Eu sei que não foi culpa nossa aquele dragão e os throlls terem aparecido na cidade de Belfast. Eu sei também quais foram as decisões em relação ao grupo. Mas que fique dito: Sou Erico Stirling, e não vou desistir de lutar pelo nosso mundo! À parte de terem aparecido throlls e um dragão na capital norteirlandesa, isso só aconteceu porque tínhamos que salvar Rosallie. Tudo bem, ela sempre diz que não quer saber de nós, que o nosso grupo não passa de um bando de nerds e desajustados que existe para acabar com a paciência dela. Em especial eu. Não me pergunte por que as garotas são assim.

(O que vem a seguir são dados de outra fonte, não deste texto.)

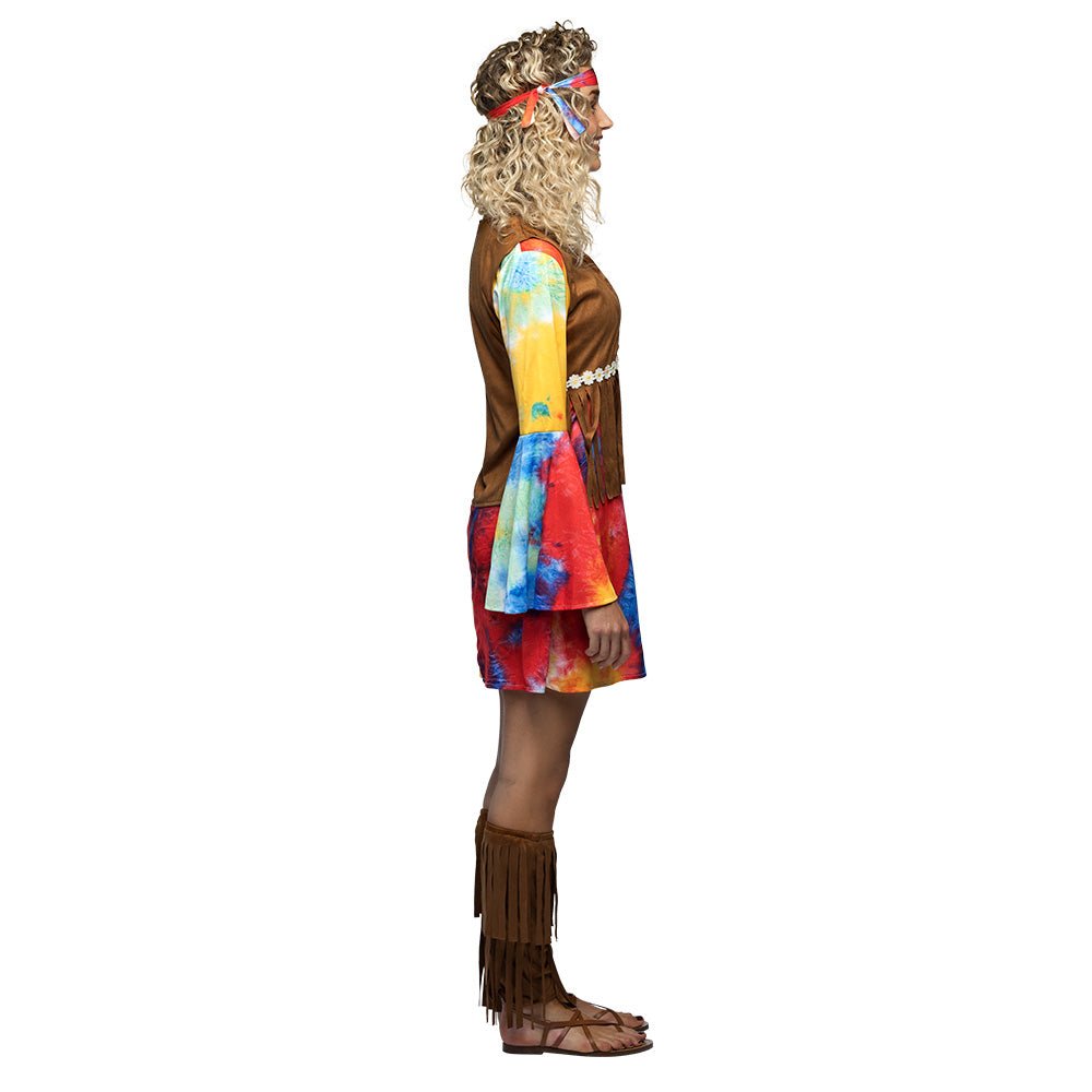 Voeg wat flower power toe aan carnaval of een themafeest en betover iedereen met dit vrolijke 70s Hippie kostuum. Dit retro kostuum bestaat uit een jurkje, vestje, hoofdband, ketting en beenbeschermers.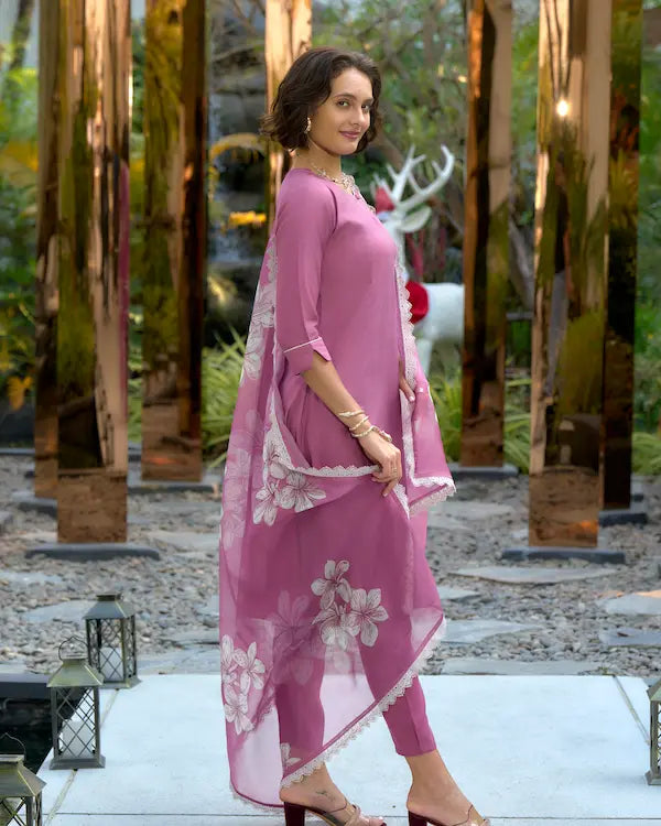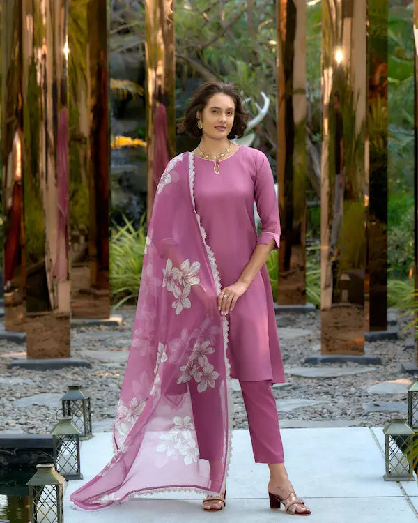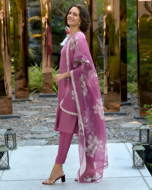 Meet Blush Bloom — a romantic 3-piece kurti set in rosy mauve vatican fabric, exuding elegance with its clean lines and flattering fall. The sheer organza dupatta, blooming with ivory florals and finished with scalloped lace, adds the right dose of dreamy charm. Paired with matching pink vatican pants, this look is where charm meets comfort, beautifully.
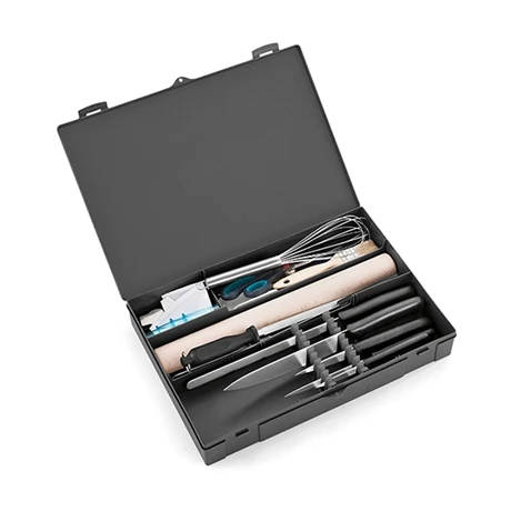 Le coffret rigide est modulable grâce à des peignes en polypropylène. Il possède 3 compartiments pour un rangement en vrac des ustensiles non fragiles (rouleau, spatules, douilles…) et un compartiment réglable en fonction de la longueur des lames, pour préserver les couteaux des chocs et les mains des blessures et les immobiliser. La sacoche et le coffret sont lavables et peuvent être tous les deux cadenassés.

Pelo menos as mais patricinhas. Mas, fazer o que? Ela é irmã do Traves, então temos que aceitá-la e aturá-la. Mesmo com todos os momentos de brigas e discussões que temos, ainda assim não podemos simplesmente abandoná-la. Ate porque, por algum motivo, que não poderemos esclarecer agora (ou entender), ela também faz parte disso tudo. Ta bem, ta bem. Eu sei que estou me desviando do verdadeiro objetivo.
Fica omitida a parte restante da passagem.